创建新的 IO 线程之前,为每个线程创建一个存储代表客户端的 client 对象链表 io_threads_list[i],它们在存储在全局数组对象 io_threads_list 中,与线程序号一一对应;同时创建相应数量的整型变量(unsigned long)存储于另外一个全局数组 io_threads_pending 中,同样与线程序号一一对应,这些整型变量和 另外一组 Linux 互斥体对象(存储在 io_threads_mutex 数组中)一起让主线程可以控制工作线程的启动与停止,控制逻辑如下:
- 将 io_threads_pending[i] 设置为 0;
- 在上述循环中,初始化 io_threads_mutex[i] 对象后,立刻调用 pthread_mutex_lock(&io_threads_mutex[i]) 将这些互斥体锁定;
- 接着开始创建对应的 IO 工作线程,在 IO 工作线程函数 IOThreadMain 中有如下代码:
//networking.c 2903行
void *IOThreadMain(void *myid) {
//...省略部分代码...
while(1) {
/* Wait for start */
for (int j = 0; j < 1000000; j++) {
if (io_threads_pending[id] != 0) break;
}
/* Give the main thread a chance to stop this thread. */
if (io_threads_pending[id] == 0) {
pthread_mutex_lock(&io_threads_mutex[id]);
pthread_mutex_unlock(&io_threads_mutex[id]);
continue;
}
//...省略部分代码...
/* Process: note that the main thread will never touch our list
* before we drop the pending count to 0. */
listIter li;
listNode *ln;
listRewind(io_threads_list[id],&li);
while((ln = listNext(&li))) {
client *c = listNodeValue(ln);
if (io_threads_op == IO_THREADS_OP_WRITE) {
writeToClient(c,0);
} else if (io_threads_op == IO_THREADS_OP_READ) {
readQueryFromClient(c->conn);
} else {
serverPanic("io_threads_op value is unknown");
}
}
listEmpty(io_threads_list[id]);
io_threads_pending[id] = 0;
}
}
工作线程执行上述代码 pthread_mutex_lock(&io_threads_mutex[id])

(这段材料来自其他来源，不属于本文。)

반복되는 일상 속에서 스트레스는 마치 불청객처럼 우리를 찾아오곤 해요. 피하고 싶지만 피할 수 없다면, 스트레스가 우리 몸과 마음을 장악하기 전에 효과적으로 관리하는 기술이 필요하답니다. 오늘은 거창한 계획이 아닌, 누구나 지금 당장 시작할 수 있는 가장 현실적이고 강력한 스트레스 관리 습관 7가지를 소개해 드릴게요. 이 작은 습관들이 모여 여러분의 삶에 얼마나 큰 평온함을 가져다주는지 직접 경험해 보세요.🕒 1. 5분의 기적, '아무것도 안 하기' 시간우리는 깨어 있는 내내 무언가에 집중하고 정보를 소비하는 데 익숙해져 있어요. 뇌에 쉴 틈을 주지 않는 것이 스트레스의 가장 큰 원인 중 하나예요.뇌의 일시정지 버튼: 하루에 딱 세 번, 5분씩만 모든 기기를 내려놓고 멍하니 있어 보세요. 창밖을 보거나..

行时,由于 io_threads_mutex[id] 这个互斥体已经被主线程加锁了,因此工作线程阻塞在这里。如果想启用这些 IO 工作线程,可以调用 startThreadedIO 函数,startThreadedIO 函数实现如下:
//networking.c 2985行
void startThreadedIO(void) {
//...省略部分代码...
for (int j = 1; j < server.io_threads_num; j++)
pthread_mutex_unlock(&io_threads_mutex[j]);
io_threads_active = 1;
}
startThreadedIO 对相应的互斥体 io_threads_mutex[id] 进行解锁,同时设置启用 IO 线程的标志变量 io_threads_active,这个变量将在下文介绍。有读者可能会注意到:即使解锁 io_threads_mutex[id] 互斥体后,continue 之后,下一轮循环由于 io_threads_pending[id] 仍然为 0,循环会继续加锁解锁再 continue,仍然不能执行 IOThreadMain 处理由 client 对象组成的链表对象。确实如此,因此除了解锁 io_threads_mutex[id] 互斥体还必须将 io_threads_pending[id] 设置为非 0 值,才能执行 IO 工作线程的主要逻辑。那么 io_threads_pending[id] 在什么地方被设置成非 0 值呢?

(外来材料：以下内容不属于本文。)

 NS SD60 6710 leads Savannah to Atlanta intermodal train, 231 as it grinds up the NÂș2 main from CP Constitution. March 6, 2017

在 beforeSleep 函数中分别调用了 handleClientsWithPendingReadsUsingThreads 和 handleClientsWithPendingWritesUsingThreads() ,这两个函数分别对应读和写的情况。
//server.c 2106行
void beforeSleep(struct aeEventLoop *eventLoop) {
//...省略部分代码...
/* We should handle pending reads clients ASAP after event loop. */
handleClientsWithPendingReadsUsingThreads();
//...省略部分代码...
/* Handle writes with pending output buffers. */
handleClientsWithPendingWritesUsingThreads();
//...省略部分代码...
}
先来看读的情况,handleClientsWithPendingReadsUsingThreads 函数定义如下:
//networking 3126行
int handleClientsWithPendingReadsUsingThreads(void) {
if (!io_threads_active || !server.io_threads_do_reads) return 0;
int processed = listLength(server.clients_pending_read);
if (processed == 0) return 0;
if (tio_debug) printf("%d TOTAL READ pending clients\n", processed);
/* Distribute the clients across N different lists. */
listIter li;
listNode *ln;
listRewind(server.clients_pending_read,&li);
int item_id = 0;
//主线程给工作线程分配client对象的策略
while((ln = listNext(&li))) {
client *c = listNodeValue(ln);
int target_id = item_id % server.io_threads_num;
listAddNodeTail(io_threads_list[target_id],c);
item_id++;
}
/* Give the start condition to the waiting threads, by setting the
* start condition atomic var. */
io_threads_op = IO_THREADS_OP_READ;
for (int j = 1; j < server.io_threads_num; j++) {
int count = listLength(io_threads_list[j]);
io_threads_pending[j] = count;
}
/* Also use the main thread to process a slice of clients. */
listRewind(io_threads_list[0],&li);
while((ln = listNext(&li))) {
client *c = listNodeValue(ln);
readQueryFromClient(c->conn);
}
listEmpty(io_threads_list[0]);
/* Wait for all the other threads to end their work. */
while(1) {
unsigned long pending = 0;
for (int j = 1; j < server.io_threads_num; j++)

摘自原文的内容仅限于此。